EXERCISE DESCRIPTION:
All of the listing, from first line to last, should be output exactly; the pictures stay out.

DATASET SECTION:
★ ★ ★ ★
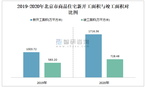 2019-2020年北京市商品住宅新開工面積與竣工面積對比圖
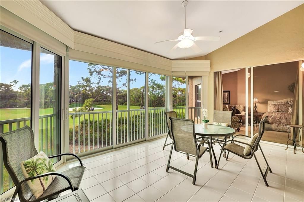 Located in the exclusive gated country club community of Bonita Bay, this refined condo offers breathtaking views of the lake and the Creekside championship golf course.  Light fills the residence, which features three ensuite bedrooms with private baths, a spacious kitchen with stainless steel appliances, newer wood cabinetry, granite countertops, and a seldom-seen window over the kitchen sink. Enjoy relaxed living and entertaining with a combined great room and dining room featuring a vaulted ceiling.  The newly renovated lanai can be enjoyed with the impact glass doors open to take in the beautiful evening, or closed, expanding your air-conditioned living space. Additional features from 2022 to 2025 include custom closet designs, sprinkler heads on the lanai, newer water heater, smart lock for the front door, and electric shades on the lanai. The residence is offered beautifully furnished and has a private two-car garage.  Waterford owners enjoy a neighborhood swimming pool and the convience of bieing perfectly located within walking distance of the club. Your fun new lifestyle includes Backwater Jacks dining, a full-service marina, a private beach club with a shuttle to the beach, parks, miles of walking and biking trails, and an optional membership to the Bonita Bay Golf and Dining Club, tennis complex, pickleball complex, and fitness complex. Visit WWW.BonitaBay.com for more about the community.
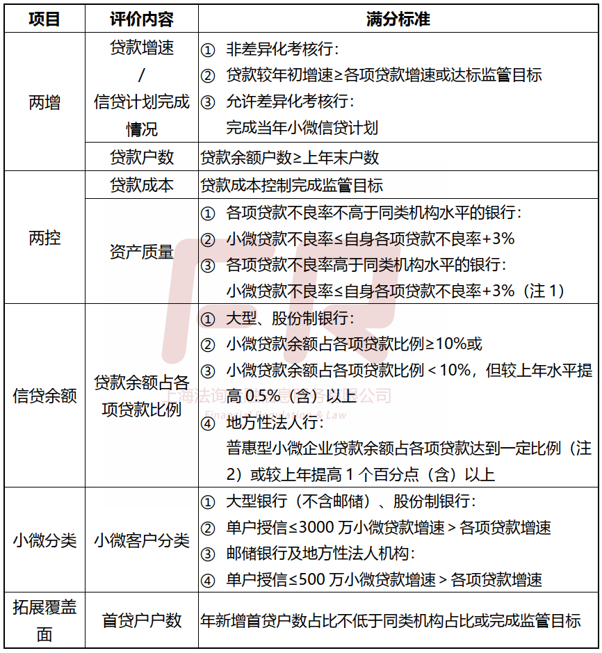 注2:“一定比例”具体标准:1)城市商业银行:20%;2)民营银行:30%;3)农村中小银行机构(不含村镇银行):扩大口径40%,小微口径25%;4)村镇银行(如参与评价):扩大口径85%,小微口径70%。
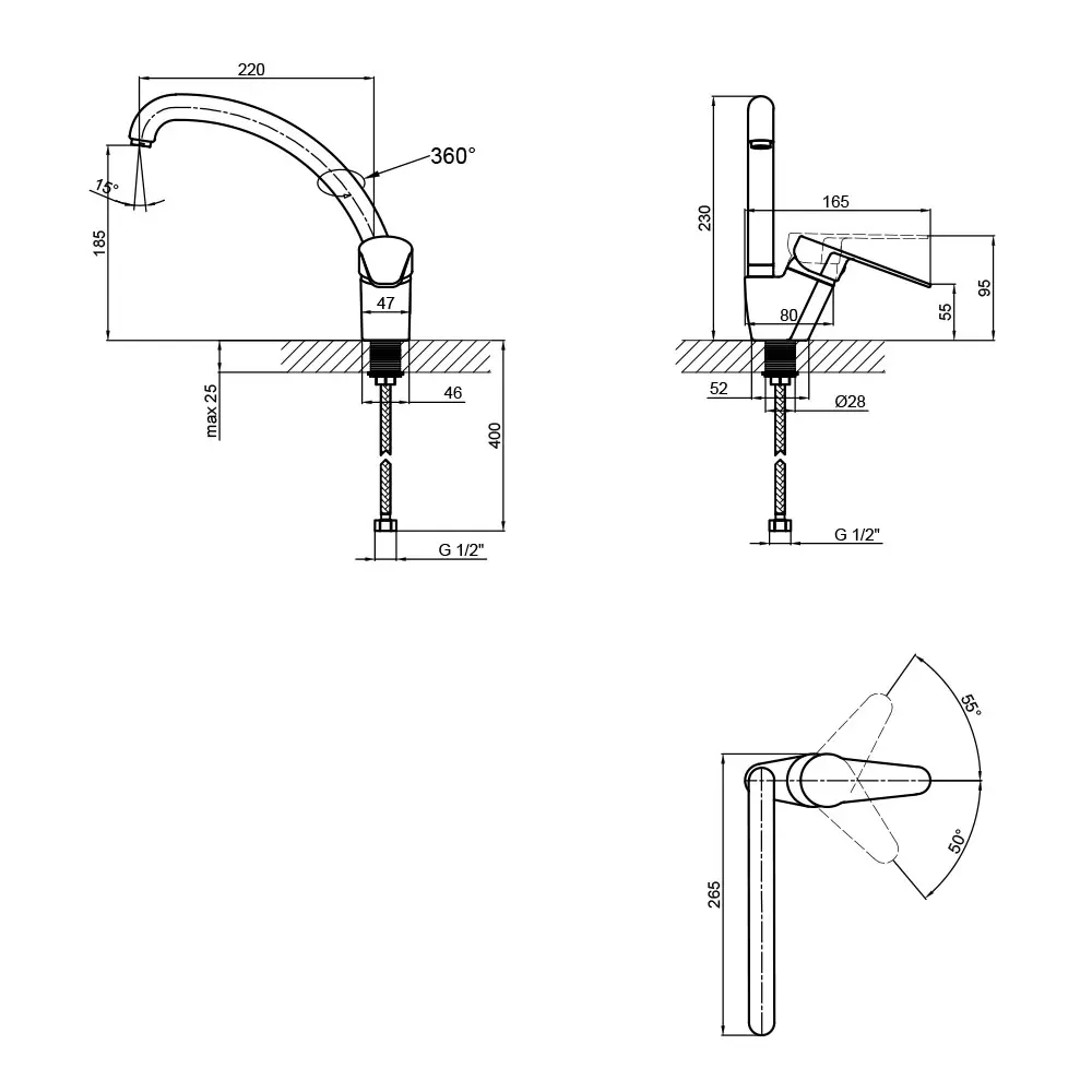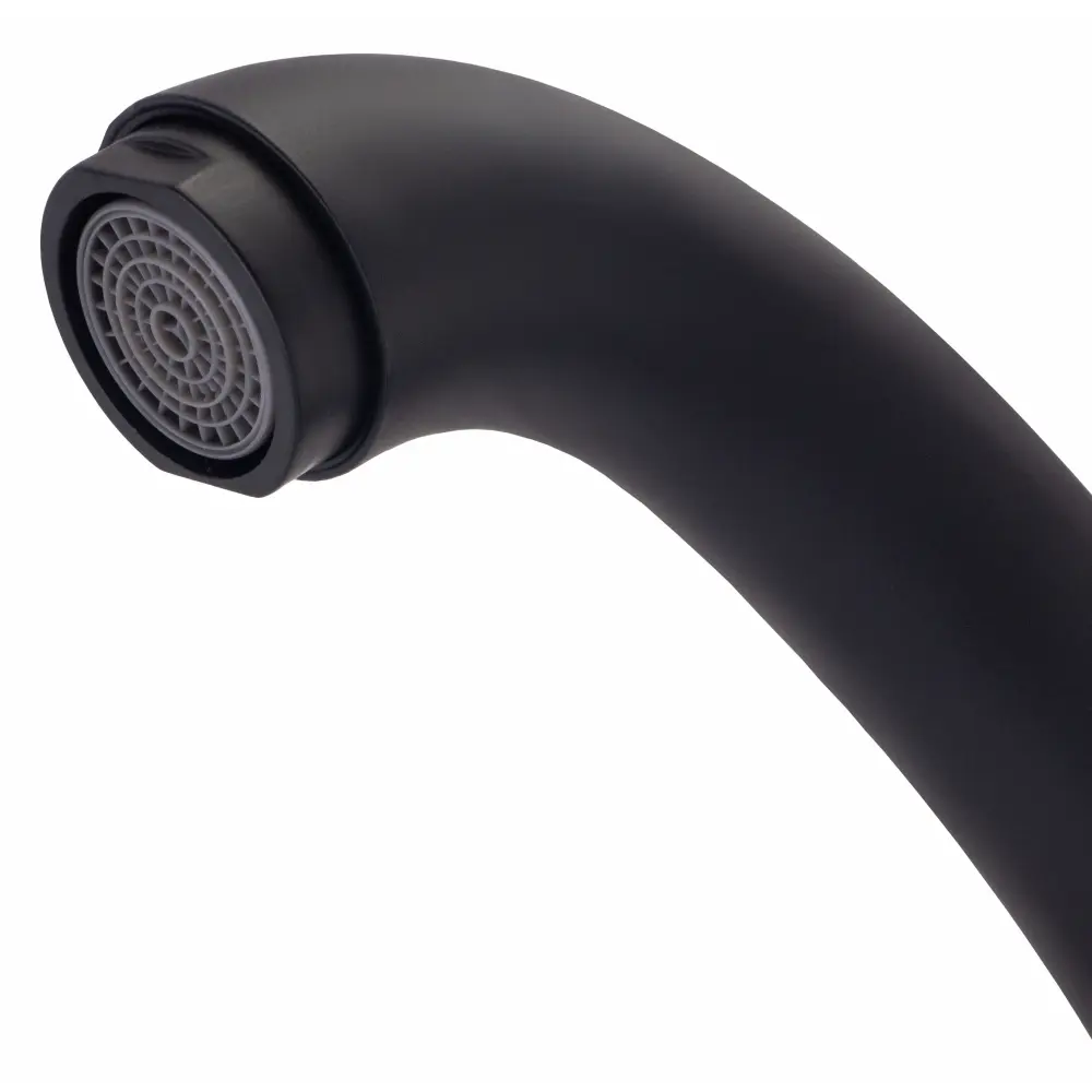 Смеситель для кухни Lidz (BLA) 14 43 008F-3 имеет матовую поверхность черного цвета, благодаря которой выглядит оригинально. Смеситель выполнен в классическом стиле, с высоким С-изливом и удобной ручкой для переключения холодной и горячей воды.
★ ★ ★ ★
RESPONSE FOR THIS EXERCISE:
 2019-2020年北京市商品住宅新開工面積與竣工面積對比圖
 Located in the exclusive gated country club community of Bonita Bay, this refined condo offers breathtaking views of the lake and the Creekside championship golf course.  Light fills the residence, which features three ensuite bedrooms with private baths, a spacious kitchen with stainless steel appliances, newer wood cabinetry, granite countertops, and a seldom-seen window over the kitchen sink. Enjoy relaxed living and entertaining with a combined great room and dining room featuring a vaulted ceiling.  The newly renovated lanai can be enjoyed with the impact glass doors open to take in the beautiful evening, or closed, expanding your air-conditioned living space. Additional features from 2022 to 2025 include custom closet designs, sprinkler heads on the lanai, newer water heater, smart lock for the front door, and electric shades on the lanai. The residence is offered beautifully furnished and has a private two-car garage.  Waterford owners enjoy a neighborhood swimming pool and the convience of bieing perfectly located within walking distance of the club. Your fun new lifestyle includes Backwater Jacks dining, a full-service marina, a private beach club with a shuttle to the beach, parks, miles of walking and biking trails, and an optional membership to the Bonita Bay Golf and Dining Club, tennis complex, pickleball complex, and fitness complex. Visit WWW.BonitaBay.com for more about the community.
 注2:“一定比例”具体标准:1)城市商业银行:20%;2)民营银行:30%;3)农村中小银行机构(不含村镇银行):扩大口径40%,小微口径25%;4)村镇银行(如参与评价):扩大口径85%,小微口径70%。
 Смеситель для кухни Lidz (BLA) 14 43 008F-3 имеет матовую поверхность черного цвета, благодаря которой выглядит оригинально. Смеситель выполнен в классическом стиле, с высоким С-изливом и удобной ручкой для переключения холодной и горячей воды.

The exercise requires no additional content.